En 2019, il existait un microcosme au sein de la ville de Vitry-sur-Seine : la résidence Manouchian, foyer pour travailleurs immigrés, pour l’essentiel maliens. L’artiste Vitriot Daniel Purroy qui vit et travaille à proximité du foyer, le décrit ainsi:

“ Le bâtiment du foyer, sa structure massive et son isolement par rapport à la ville en fait un objet à part entière, que l’on peut contourner, regarder de jour avec son animation, comme de nuit avec ses grandes fenêtres qui s’illuminent et laissent entrevoir la vie qui s’anime au retour du travail. [...] Le foyer est un lieu particulier, fermé, à part, et pourtant ouvert sur l’extérieur, le quartier, la ville de Vitry, du fait de circulations multiples (restaurant populaire, commerces informels, réparation de voitures)... “

Pendant ces quelques jours au sein du foyer, je verrai une forge et une boucherie en plein air. Une mosquée. Une économie interne répondant à l’enclavement de la résidence Manouchian. Des silhouettes maliennes passer dans l’encadrement d’une porte vêtues d’une tenue orange réfléchissante de chantier, d’un boubou en bazin ou d’une polaire siglée Veolia.

Je découvre que l’essentiel des objets aux alentours de la résidence sont des standards de la mondialisation récupérés et détournés : des cagettes plastiques, des palettes en bois, de grosses boîtes de conserve, des caddies de supermarché. Mais surtout, dans les points de vente à l’entrée du foyer, entre des cartes téléphoniques prépayées et des bouteilles de jus de bissap, je note la présence d’étranges tonneaux bleus.

















































































Fût


PEHD qualité alimentaire,
120 litres à ouverture totale



Les travailleurs maliens expatriés en France s’en servent pour expédier des biens manufacturés et des denrées alimentaires au village. Je décide de reconstituer le trajet de ce standard homologué par l’ONU pour le transport de matières dangereuses qui est également la boîte Colissimo de la diaspora d’Afrique de l’ouest. Les « bidons bleus » sont souvent achetés en gros, parfois récupérés auprès des entreprises ou à Rungis avant d’être vendus au détail en périphérie de la résidence.

D’un volume allant de 60 à 220 litres, ils peuvent être présentés séparés de leurs couvercles et cerclages pour empêcher d’éventuels vols à l’étalage.

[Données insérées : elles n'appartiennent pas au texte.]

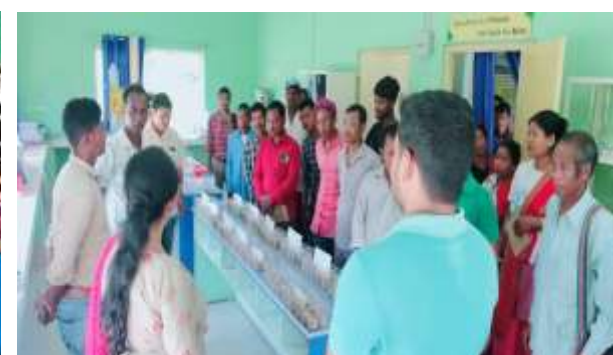
One day lead farmers exposure visit of Dhalai Organic Farmers Producer Company LTD. under mission organic value chain development for North-Eastern Region, Phase-II, with the support of KVK Dhalai.
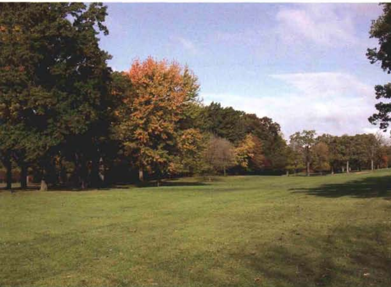
BEFORE Looking from 6 tee toward 7 green, notice the woods
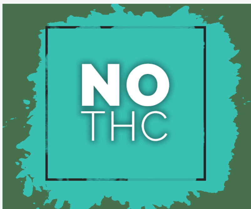
CBD Lotion For Sale in Texas
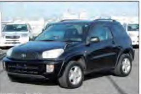
Ref.30129 PRICE: $5,430 TOYOTA RAV4 Year 2001 F 1,990cc PETROL Mileage 129,000km Color Black
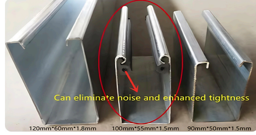
120mm*60mm*1.8mm 100mm*55mm*1.5mm 90mm*50mm*1.5mm

The track can be equipped with optional sealing rubber strips to effectively enhance the airtightness and sound insulation performance of the door body, which is suitable for places with high requirements for environmental control.
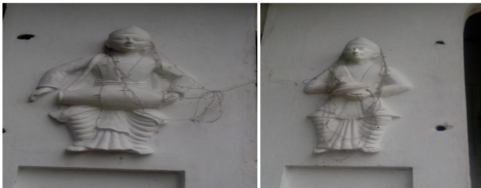
Fig No. 4 Glimpses of Kirtan of Satsang
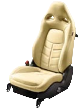
NEW Premium Ivory Leather*

*Some parts of leather trim may contain artificial leather
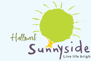
G+9 Floors Luxury Apartments in 5.7 acres @ Manchirevula
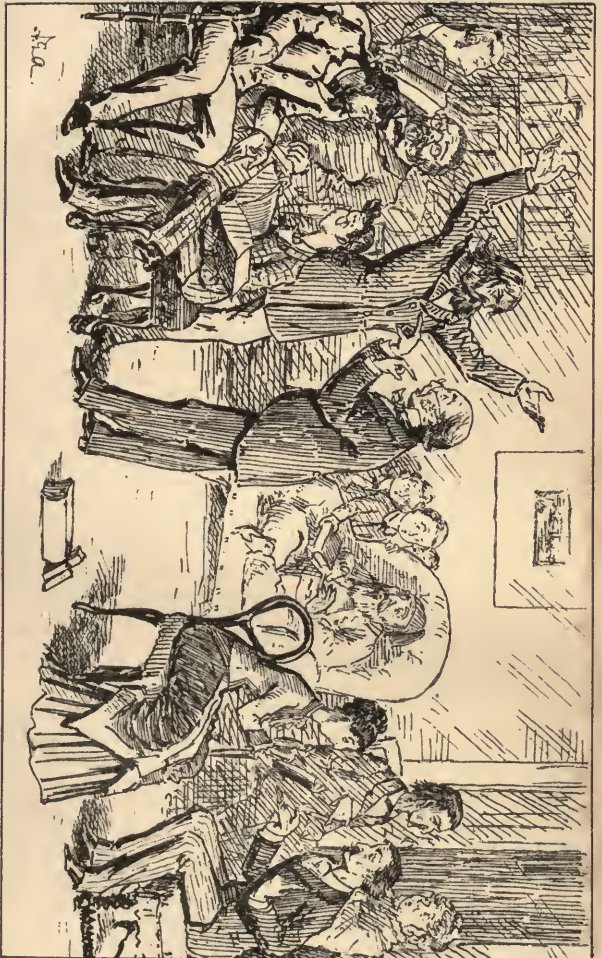
The Peterkins determine to study the Languages

Le fût nouvellement acheté reste un certain temps dans la résidence, cadenassé le temps d’acquérir les biens à expédier. Certains de ces fûts se retrouvent utilisés dans les cuisines de la cantine du foyer, d’autres suspendus aux balustrades des fenêtres. 

Dans le couloir partant de la cantine du foyer, une affiche indique des horaires de départ de bateaux ; des tarifs en face de modèles de voitures et un numéro de téléphone associé à un nom, et un service : l’enlèvement de fûts. un coup de téléphone et un bref échange avec le M. Alassane de l’affiche m’indiquent que les modalités de l’enlèvement de fûts se règlent sur What’s app : une photo des contenants bleus et leur adresse auront pour réponse un devis et une tranche horaire. Plus tard, lors du diaporama photo de la construction d’un point d’eau dans un village malien, présenté par un résident, je remarque un fût bleu à proximité d’un puits. J’apprends qu’une fois arrivés au village, les fûts servent à nouveau : au transport d’eau, pour la réserve d’épices voire la constitution d’une dot. Ils seront entre-temps passés par Le Havre, auront subi une procédure de dédouanement, été transportés par bateaux dans des conteneurs ou dans le coff re de véhicules d’occasion à destination de la côte ouest-africaine avant d’arriver dans les ports de Dakar, Abidjan ou Lomé.